[Dataset excerpts]

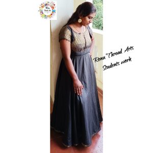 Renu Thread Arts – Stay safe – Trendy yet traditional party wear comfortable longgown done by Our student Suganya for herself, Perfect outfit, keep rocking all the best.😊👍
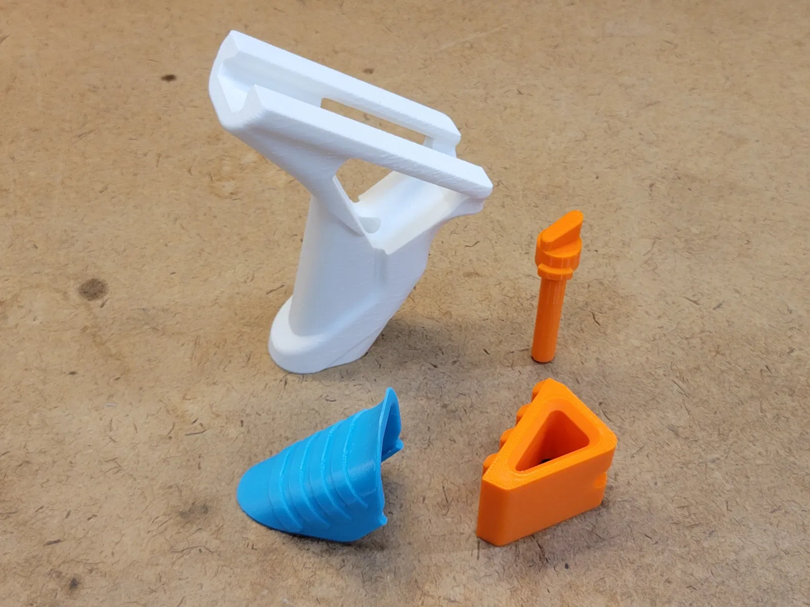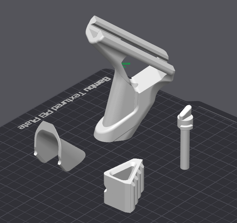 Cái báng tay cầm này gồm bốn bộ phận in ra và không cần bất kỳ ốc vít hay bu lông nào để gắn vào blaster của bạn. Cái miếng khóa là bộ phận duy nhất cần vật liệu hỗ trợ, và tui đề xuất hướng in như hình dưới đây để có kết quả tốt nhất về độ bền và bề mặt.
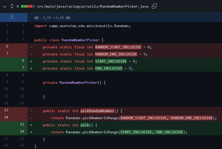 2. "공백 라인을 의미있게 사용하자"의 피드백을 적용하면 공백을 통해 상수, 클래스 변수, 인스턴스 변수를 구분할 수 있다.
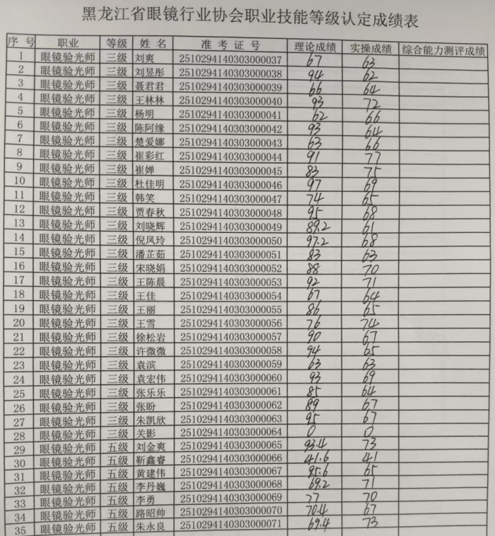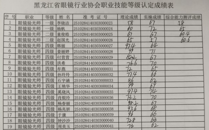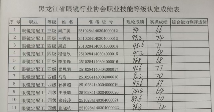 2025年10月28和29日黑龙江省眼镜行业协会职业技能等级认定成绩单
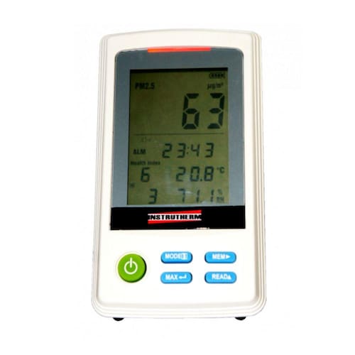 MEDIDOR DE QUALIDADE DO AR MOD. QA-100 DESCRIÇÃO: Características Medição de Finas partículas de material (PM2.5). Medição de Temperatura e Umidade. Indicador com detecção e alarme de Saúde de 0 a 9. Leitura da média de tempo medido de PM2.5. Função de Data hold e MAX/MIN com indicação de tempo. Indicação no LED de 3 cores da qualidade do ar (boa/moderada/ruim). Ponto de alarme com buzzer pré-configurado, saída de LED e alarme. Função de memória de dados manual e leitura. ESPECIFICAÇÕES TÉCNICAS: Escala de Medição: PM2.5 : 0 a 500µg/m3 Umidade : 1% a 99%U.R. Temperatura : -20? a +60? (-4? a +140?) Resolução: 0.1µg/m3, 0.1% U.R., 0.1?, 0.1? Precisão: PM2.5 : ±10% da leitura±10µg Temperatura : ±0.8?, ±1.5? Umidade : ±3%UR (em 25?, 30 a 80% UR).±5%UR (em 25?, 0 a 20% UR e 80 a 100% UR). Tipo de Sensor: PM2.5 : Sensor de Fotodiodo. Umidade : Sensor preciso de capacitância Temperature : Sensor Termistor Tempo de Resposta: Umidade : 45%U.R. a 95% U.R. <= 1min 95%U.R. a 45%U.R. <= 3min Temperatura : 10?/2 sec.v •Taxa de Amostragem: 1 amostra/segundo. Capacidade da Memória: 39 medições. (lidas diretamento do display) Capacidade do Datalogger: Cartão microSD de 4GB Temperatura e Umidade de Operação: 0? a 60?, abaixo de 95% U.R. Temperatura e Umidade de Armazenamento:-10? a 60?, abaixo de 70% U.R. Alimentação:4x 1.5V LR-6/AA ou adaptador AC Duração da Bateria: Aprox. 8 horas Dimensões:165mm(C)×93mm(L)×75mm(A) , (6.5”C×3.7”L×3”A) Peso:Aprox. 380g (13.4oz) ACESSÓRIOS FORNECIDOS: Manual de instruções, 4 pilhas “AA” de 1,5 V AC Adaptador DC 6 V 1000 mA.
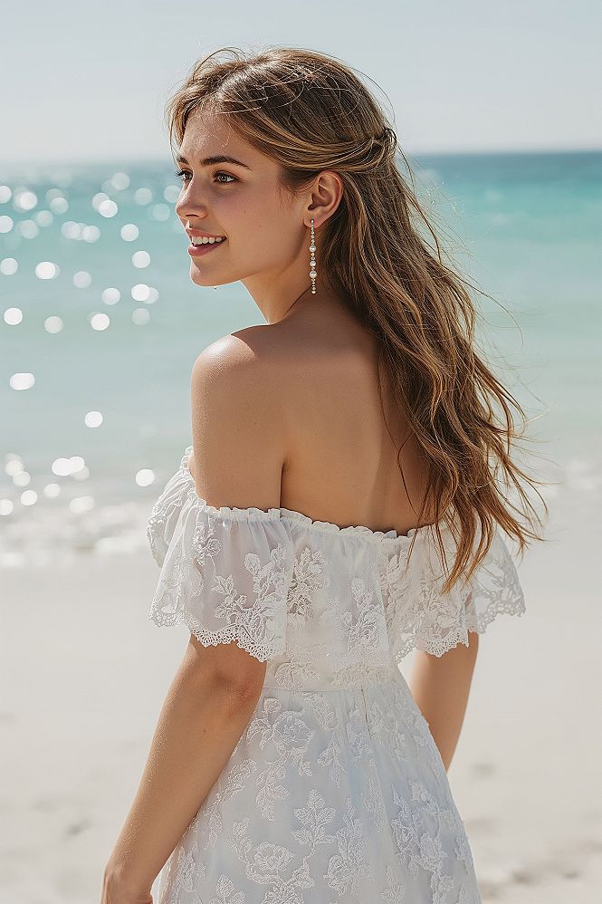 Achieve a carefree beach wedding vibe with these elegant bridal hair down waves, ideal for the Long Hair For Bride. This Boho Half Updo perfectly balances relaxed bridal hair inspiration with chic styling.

* **What you will do**
Retype the data above exactly. Leave the pictures out.

* **Result of this task**
 Renu Thread Arts – Stay safe – Trendy yet traditional party wear comfortable longgown done by Our student Suganya for herself, Perfect outfit, keep rocking all the best.😊👍
 Cái báng tay cầm này gồm bốn bộ phận in ra và không cần bất kỳ ốc vít hay bu lông nào để gắn vào blaster của bạn. Cái miếng khóa là bộ phận duy nhất cần vật liệu hỗ trợ, và tui đề xuất hướng in như hình dưới đây để có kết quả tốt nhất về độ bền và bề mặt.
 2. "공백 라인을 의미있게 사용하자"의 피드백을 적용하면 공백을 통해 상수, 클래스 변수, 인스턴스 변수를 구분할 수 있다.
 2025年10月28和29日黑龙江省眼镜行业协会职业技能等级认定成绩单
 MEDIDOR DE QUALIDADE DO AR MOD. QA-100 DESCRIÇÃO: Características Medição de Finas partículas de material (PM2.5). Medição de Temperatura e Umidade. Indicador com detecção e alarme de Saúde de 0 a 9. Leitura da média de tempo medido de PM2.5. Função de Data hold e MAX/MIN com indicação de tempo. Indicação no LED de 3 cores da qualidade do ar (boa/moderada/ruim). Ponto de alarme com buzzer pré-configurado, saída de LED e alarme. Função de memória de dados manual e leitura. ESPECIFICAÇÕES TÉCNICAS: Escala de Medição: PM2.5 : 0 a 500µg/m3 Umidade : 1% a 99%U.R. Temperatura : -20? a +60? (-4? a +140?) Resolução: 0.1µg/m3, 0.1% U.R., 0.1?, 0.1? Precisão: PM2.5 : ±10% da leitura±10µg Temperatura : ±0.8?, ±1.5? Umidade : ±3%UR (em 25?, 30 a 80% UR).±5%UR (em 25?, 0 a 20% UR e 80 a 100% UR). Tipo de Sensor: PM2.5 : Sensor de Fotodiodo. Umidade : Sensor preciso de capacitância Temperature : Sensor Termistor Tempo de Resposta: Umidade : 45%U.R. a 95% U.R. <= 1min 95%U.R. a 45%U.R. <= 3min Temperatura : 10?/2 sec.v •Taxa de Amostragem: 1 amostra/segundo. Capacidade da Memória: 39 medições. (lidas diretamento do display) Capacidade do Datalogger: Cartão microSD de 4GB Temperatura e Umidade de Operação: 0? a 60?, abaixo de 95% U.R. Temperatura e Umidade de Armazenamento:-10? a 60?, abaixo de 70% U.R. Alimentação:4x 1.5V LR-6/AA ou adaptador AC Duração da Bateria: Aprox. 8 horas Dimensões:165mm(C)×93mm(L)×75mm(A) , (6.5”C×3.7”L×3”A) Peso:Aprox. 380g (13.4oz) ACESSÓRIOS FORNECIDOS: Manual de instruções, 4 pilhas “AA” de 1,5 V AC Adaptador DC 6 V 1000 mA.
 Achieve a carefree beach wedding vibe with these elegant bridal hair down waves, ideal for the Long Hair For Bride. This Boho Half Updo perfectly balances relaxed bridal hair inspiration with chic styling.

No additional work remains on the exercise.